Dominique de Villepin, qui sera jugé en correctionnelle à partir du 21 septembre pour manipulation politique contre Nicolas Sarkozy, a été "un des bénéficiaires collatéraux, mais parfaitement conscient" de l'affaire Clearstream, a déclaré le procureur de Paris Jean-Claude Marin vendredi matin sur Europe 1. L'ancien Premier ministre, accusé de "complicité de dénonciation calomnieuse, complicité d'usage de faux, recel d'abus de confiance et de vol" est passible d'une peine maximale de cinq ans de prison et d'une amende dans le dossier des listings falsifiés de la société financière Clearstream. Il nie les charges.

"Les juges (d'instruction) disent qu'il est l'instigateur premier de l'ensemble du système, moi, je dis qu'il est un des bénéficiaires collatéraux, mais parfaitement conscient", a affirmé le procureur de Paris, qui soutiendra l'accusation dans ce procès. "Je pense qu'il y a, par-delà un effet d'aubaine dans un combat politique que l'on connaît, une utilisation frauduleuse d'une information que l'on savait fausse par un corbeau que l'on connaissait", a-t-il poursuivi, rappelant la rivalité opposant Dominique de Villepin et Nicolas Sarkozy pour la présidentielle de 2007. Le président Nicolas Sarkozy est partie civile dans cette affaire.

Les faux listings Clearstream, qui imputaient la détention de comptes bancaires secrets à des centaines de personnalités, dont Nicolas Sarkozy, avaient été remis en 2004 au juge d'instruction Renaud Van Ruymbeke par l'ancien vice-président d'EADS Jean-Louis Gergorin.
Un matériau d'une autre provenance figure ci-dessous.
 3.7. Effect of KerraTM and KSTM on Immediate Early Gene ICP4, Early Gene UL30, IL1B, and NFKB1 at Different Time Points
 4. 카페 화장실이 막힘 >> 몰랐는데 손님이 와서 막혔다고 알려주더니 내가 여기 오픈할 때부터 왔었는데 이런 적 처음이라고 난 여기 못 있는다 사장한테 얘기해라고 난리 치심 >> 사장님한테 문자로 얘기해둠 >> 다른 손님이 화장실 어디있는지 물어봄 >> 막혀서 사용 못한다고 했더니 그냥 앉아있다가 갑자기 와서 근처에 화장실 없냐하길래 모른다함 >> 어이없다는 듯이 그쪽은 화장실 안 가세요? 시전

Le juge avait mis au jour la supercherie en 2005. Dominique de Villepin, alors ministre des Affaires étrangères, est accusé d'avoir donné l'ordre à Jean-Louis Gergorin, un ami, de transmettre les listings au juge aux fins de manipulation politique. "Nous avons un certain nombre d'éléments, qui sont des éléments à la fois concrets, écrits, et notamment les verbatims du général Rondot. Nous avons un certain nombre d'éléments de circonstance. Le tribunal en décidera", a expliqué Jean-Claude Marin.
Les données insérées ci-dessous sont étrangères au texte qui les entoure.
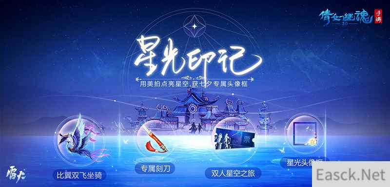 七夕时节报名星光印记活动,上传自己的截图作品还有机会获得比翼双飞坐骑等丰厚奖励。同时通过活动报名页面,玩家还可以使用明信片模板和贴纸,将喜欢的作品抄送他人。

"S'il (Dominique de Villepin, ndlr) démontre que j'ai tort, j'en tirerai les conséquences. Je ne pense pas que j'aurai tort", a-t-il ajouté. En qualité de ministre des Affaires étrangères, puis de l'Intérieur, Dominique de Villepin avait confié une enquête sur les listings de Clearstream au général Philippe Rondot, spécialiste du renseignement. Jean-Claude Marin a nié, de nouveau, agir sous la pression de l'Élysée. "On ne porte pas une accusation si on ne porte pas une conviction", a-t-il souligné. "Le ministère public est dans cette affaire (...) totalement indépendant des intérêts particuliers de tel ou tel", a assuré le magistrat. Les audiences se tiendront devant la 11e chambre du tribunal correctionnel de Paris jusqu'au 21 octobre.

La réaction des avocats de Dominique de Villepin

Me Olivier Metzner, l'un des défenseurs de Dominique de Villepin, a regretté l'intervention de Jean-Claude Marin avant l'ouverture des débats.

"Est-ce qu'il s'exprime de sa propre initiative ? Je me pose la question", a-t-il dit sur France info. "Il replace ce procès dans un contexte politique (...) ce qui me surprend quelque peu pour un magistrat qui est là pour faire du droit et pas de la politique", a-t-il ajouté.

Pour Me Metzner, le procureur parle maintenant d'un "délit par conviction" après avoir évoqué un "délit par abstention, ce qui n'existe pas en droit", alors qu'il ne s'agit dans ce dossier "que d'une construction intellectuelle". "Il ne sera pas difficile de le démontrer lors de l'audience mais nous, nous attendons le début des débats", a-t-il dit.

Me Luc Brossolet, s'est, quant à lui, étonné : "Il n'est pas d'usage, que le procureur s'exprime ainsi sur les ondes". L'avocat note "qu'il est en désaccord criant avec les juges d'instruction" sur le rôle de son client, qui conteste formellement l'ensemble des griefs car "il ignorait à l'époque qu'un juge avait été alimenté par un corbeau, n'a jamais eu en main les listings falsifiés et a fortiori, en ignorait tout. En juillet 2004, il a saisi la DST et s'est fié aux conclusions de ce service".